How much of this isn’t in jest? Have we truly become what much of the rest of the world sees us as: Gangster America?
Round up the usual suspects
Anthony Ferrari was first identified in print as a suspect four years ago, in August of 2001. The basic facts in the Boulis murder have been known to investigators since that time.
The FBI’s interest in Claude Pepper’s family associations with illegal gambling in South Florida go back six decades. They were writing memos about it in 1937.
With a history that long, and that hidden... the discovery of assorted political murders is not exactly a “stop the presses!” moment.
Especially coming so soon after George W Bush took power, Boulis’ very visible murder would have raised concerns that it might signal a big shake-up in the gambling industry hierarchy.
Details of the “deep politics” behind an industry as important and lucrative as unregulated gambling are of keen interest to anyone who wants to understand how power works in America.
This must be why they are being doled out like flu shots in the middle of a pandemic. They are obviously considered highly-sensitive... need to know sensitive, even.
Imagine that.
Could this be an answer of sorts to one of the biggest mysteries in the case: why have police waited so long to charge people for the crime?

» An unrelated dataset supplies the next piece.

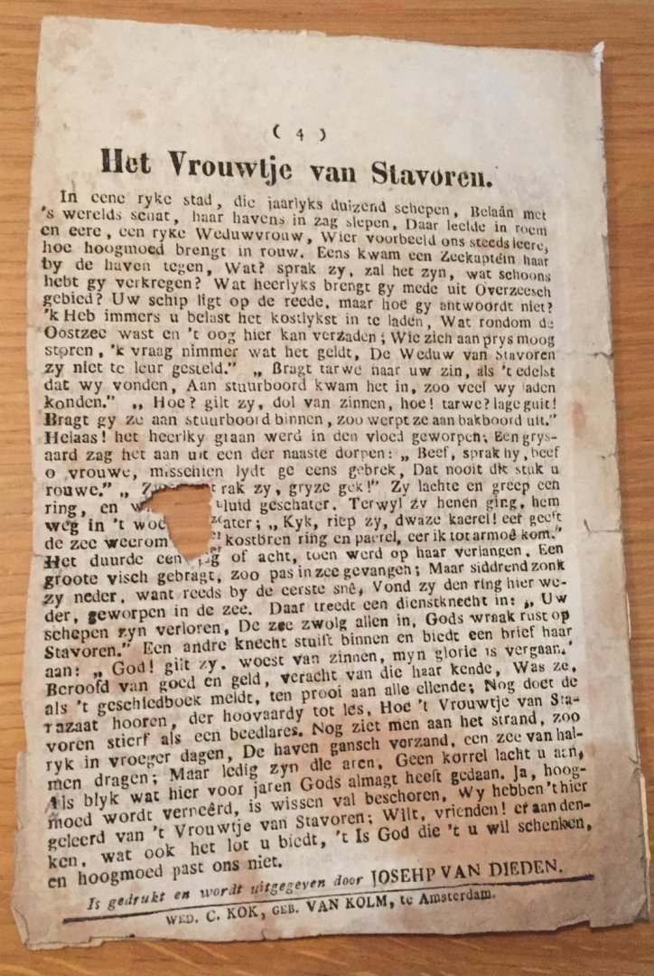 | Bijzonderheden: | 4 pages with songtexts: De oudste een Weduwvrouw met zes kinderen.... Wijs: een ieder mag in deze tijden. At the back: Het vrouwtje van Stavoren, gedrukt en uitgegeven door Josehp van Dieden, wed. C. Kok, geb Van Kolm, te Amsterdam. |

Investigators strongly suspected that Boulis’ cold-blooded murder was related to the dead man’s riches—and his businesses. Boulis’ most profitable business venture was SunCruz Casinos, which he had recently and reluctantly sold to a Washington DC investor group headed by Republican super-lobbyist Jack Abramoff, and “fronted” by a buddy of Abramoff’s from their College Republican days, a disbarred attorney and “businessman” named Adam Kidan.

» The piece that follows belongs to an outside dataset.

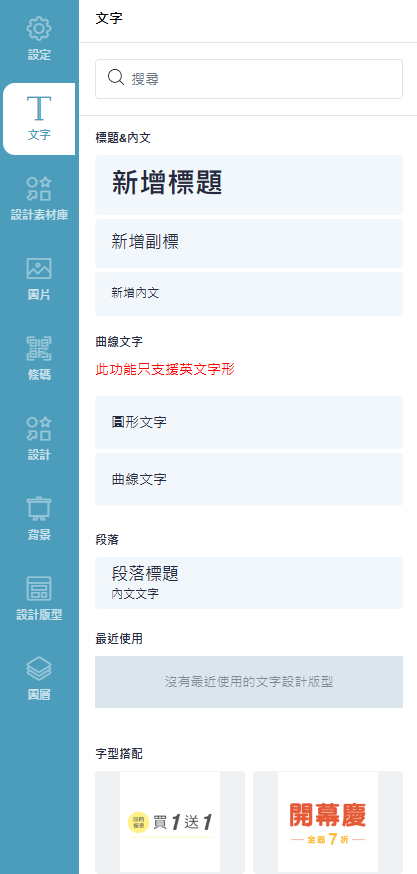 這裡可以任意新增各種文字類型標題&內文、曲線文字(目前只支援英文)、段落文字。

The sale price was $147 million.
Thuggee Greatest Hits
An hour before a gunman killed Gus Boulis, a local developer and two prominent Hollywood, FL. lawyers had attempted to persuade Boulis to sell his interest in a big Hollywood waterfront hotel project.
The controversy around the sale of Boulis' SunCruz casino boat empire made Boulis too hot for the public to accept as a partner on a 20-story hotel project on city-owned beachfront land, they told him.
After almost a decade of very public wheeling and dealing, Boulis had suddenly become persona non grata.
If you don’t recall, the Thuggees were a well-organized confederacy of professional assassins, an Indian cult sometimes described as the world's first mafia. They practiced large-scale robbery and murder of travelers between the 13th to the 19th centuries. Members were known as Thugs.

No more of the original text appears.